Venturing into a perfect hypothetical world is a useful tool, but reality requires that we adapt to its imperfections. Of course we cannot perfectly control experiments – this is why the field of experimental design has provisions for handling apparent randomness and errors. Depending on our opinion of the universe though, we can see these accommodations as necessary only because of our epistemic limits (under determinism) or necessary because randomness is inherent in the universe.
Random numbers
There are random number generators that use random processes (e.g. atmospheric noise) to make numbers that cannot be replicated. These random numbers require hardware to capture.
Most data professionals (who don’t mind or even want their random numbers to be replicated – think about setting a seed) only need to use pseudorandom numbers. Pseudorandom numbers appear random, but are created by deterministic algorithms and do not need anything more than a computer program to generate.
If determinism is true, all ‘random numbers’ are actually pseudorandom numbers -remember, randomness doesn’t exist! Of course, going back again (I’m so sorry) to epistemic limits, the distinction between random numbers and pseudorandom numbers is meaningful because we can easily replicate pseudorandom numbers while random numbers would require a god-like level of knowledge to replicate. Sorry hackers, determinism is unlikely to be useful to you on this front… at least for now!
Conclusion
With just a little bit of ‘big picture thought’ deterministic ideas and implications show up a lot in data science. This line of thinking may not help you solve a specific, technical problem at work. But, I believe that having deep thoughts about how data and the universe are connected will make you a more well-rounded, insightful data scientist.
Notes
- In this article I only cover a basic and general idea of determinism. There are many different versions of determinism. Also, I do not argue for or against determinism – there are multiple alternatives to the theory of determinism – indeterminism, agent causation, dualism etc.
- Whether or not the universe has a beginning or is infinite is a question that philosophers have debated for literally thousands of years. Aristotle believed that observing chains of motion indicated that the universe was eternal because the chain can not have a beginning. Many medieval philosophers, like Thomas Aquinas, held that there was a first motion and that motion was God. Stephen Hawking opined that the universe started at the big bang and therefore has a definite starting point.

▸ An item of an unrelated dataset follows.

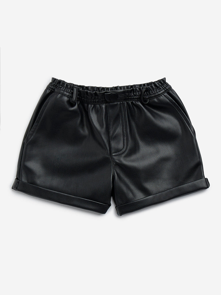 Be the first to review “HOP Kids Black Faux Leather High-Rise Shorts”

- I further subdivide irreducible error into ‘local’ and ‘universal’ to help me think about error more thoroughly. Since these are terms that I made up, further searches on the internet probably won’t lead to anything!
- While the ‘god’ model doesn’t really have any practical applications, it is a device that helps me think about the full spectrum of possible models. On the left (simplest and probably worst prediction) we have taking the average of our target variable and all the way to the right we have the ‘god’ model. To illustrate in the context of a regression problem, the average model will likely have a test R-squared near 0 while the ‘god’ model will have a test R-squared of 1 always. When I develop models I like to ask myself where I think my model lands on this spectrum.
- The Humean Regularity Theory suggests that we observe patterns and deduce causation when there isn’t necessarily a causal tie. David Hume believed we could not directly observe causation, so we have no reason to assert that causation is anything other than us noticing patterns.
- Determinism and free will – while well outside of the scope of this article, if you are interested in determinism, you should study the Philosophy of free will. Determinism’s implications on free will and accountability are fascinating, but I couldn’t think of a way that they tied into data science!